Finding Critical Values for a 90% Confidence Interval Using the Chi-Square Distribution
In statistics, the Chi-Square distribution is frequently used to estimate population variances and test hypotheses involving categorical data. One of its important applications is in constructing confidence intervals for variances. In this blog, we will demonstrate how to find the critical values for a 90% confidence interval using the Chi-Square distribution with 13 degrees of freedom.
Problem Overview
We are tasked with finding the critical values for a 90% confidence interval with a Chi-Square distribution and 13 degrees of freedom. These critical values define the boundaries of the interval within which we can estimate the population variance or standard deviation.
Step-by-Step Calculation
We can break down the problem into clear steps:
- Determine the Level of Significance: The confidence level is 90%, so the level of significance $ (\alpha) $ is calculated as:
$ \alpha = 1 – 0.90 = 0.10 $
Since we are dealing with a two-tailed test, we split the significance level in half:
$ \frac{\alpha}{2} = 0.05 $ - Identify the Degrees of Freedom:
The degrees of freedom $ (df) $ are provided as 13. This will be used to find the critical values from the Chi-Square distribution table or using statistical software like Excel. - Find the Lower Critical Value:
The lower critical value $ (\chi^2_L) $ corresponds to the (1 – $\frac{\alpha}{2}$) percentile of the Chi-Square distribution with 13 degrees of freedom:
$ \chi^2_L = \chi^2_{(1 – \frac{\alpha}{2}, df)} = \chi^2_{(1 – 0.05, 13)} = \chi^2_{(0.95, 13)} $
Using a Chi-Square distribution table or Excel functionCHISQ.INV.RT(0.05, 13), we find:
$ \chi^2_L \approx 5.892 $ - Find the Upper Critical Value:
The upper critical value $ (\chi^2_U) $ corresponds to the $\frac{\alpha}{2}$ percentile of the Chi-Square distribution with 13 degrees of freedom:
$ \chi^2_U = \chi^2_{\frac{\alpha}{2}, df} = \chi^2_{(0.05, 13)} $
Using a Chi-Square distribution table or Excel functionCHISQ.INV(0.05, 13), we find:
$ \chi^2_U \approx 22.362 $
Final Answer
The critical values for a 90% confidence interval with 13 degrees of freedom are approximately:
- Lower Critical Value: $ \chi^2_L \approx 5.892 $
- Upper Critical Value: $ \chi^2_U \approx 22.362 $
Why Chi-Square Distribution Matters
The Chi-Square distribution is particularly useful when working with sample variances and performing goodness-of-fit tests. It’s widely applied in fields like quality control, biology, and economics, where we need to estimate population variance based on sample data.

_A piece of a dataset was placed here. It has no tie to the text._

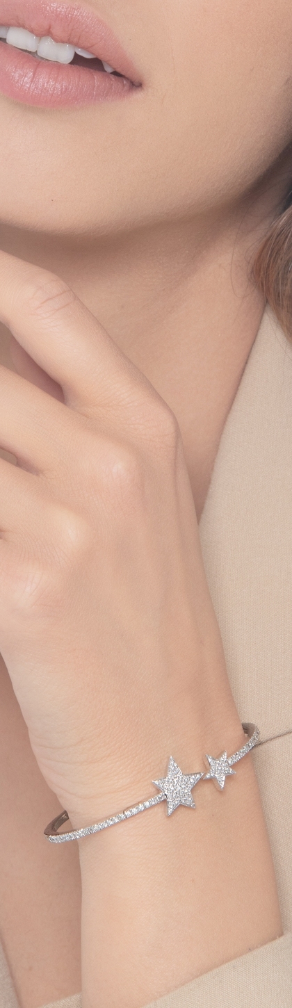 Bracciale in oro bianco 18k, a molla, con 2 stelle in diamanti, diametro circa 4.3x5.4 cm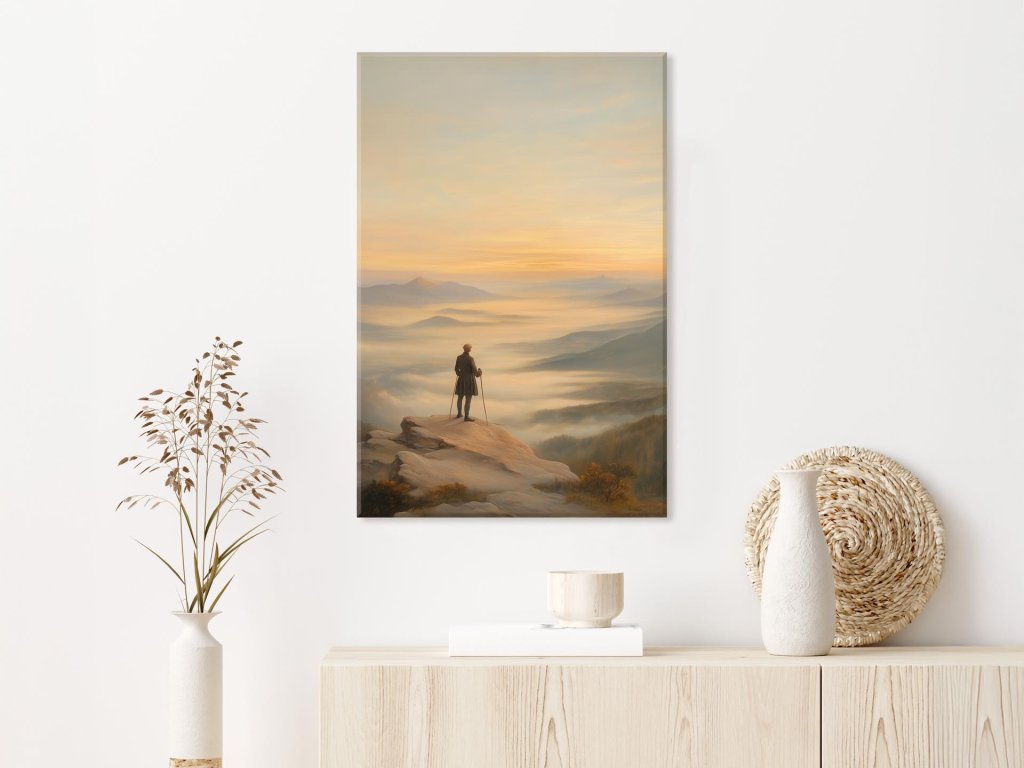 Obraz zachytáva postavu muža opierajúceho sa o palice, ako stojí na vrchole skaly a hľadí do nekonečnej krajiny pokrytej rannou hmlou. Horizont je zalitý zlatistým svetlom vychádzajúceho slnka, ktoré vytvára atmosféru tichej úcty a introspekcie. Scéna symbolizuje nielen fyzickú výšku, ale aj duchovnú cestu, vnútorný pokoj a túžbu po poznaní nekonečna.

Knowing how to find the critical values for a Chi-Square distribution allows you to confidently estimate a population parameter within a specific range, especially when dealing with variances.
Conclusion
In this blog, we walked through the steps to find the critical values for a 90% confidence interval using the Chi-Square distribution. With 13 degrees of freedom, the lower and upper critical values are approximately 5.892 and 22.362, respectively. Understanding this process is crucial for estimating population variances and performing hypothesis tests in real-world data analysis.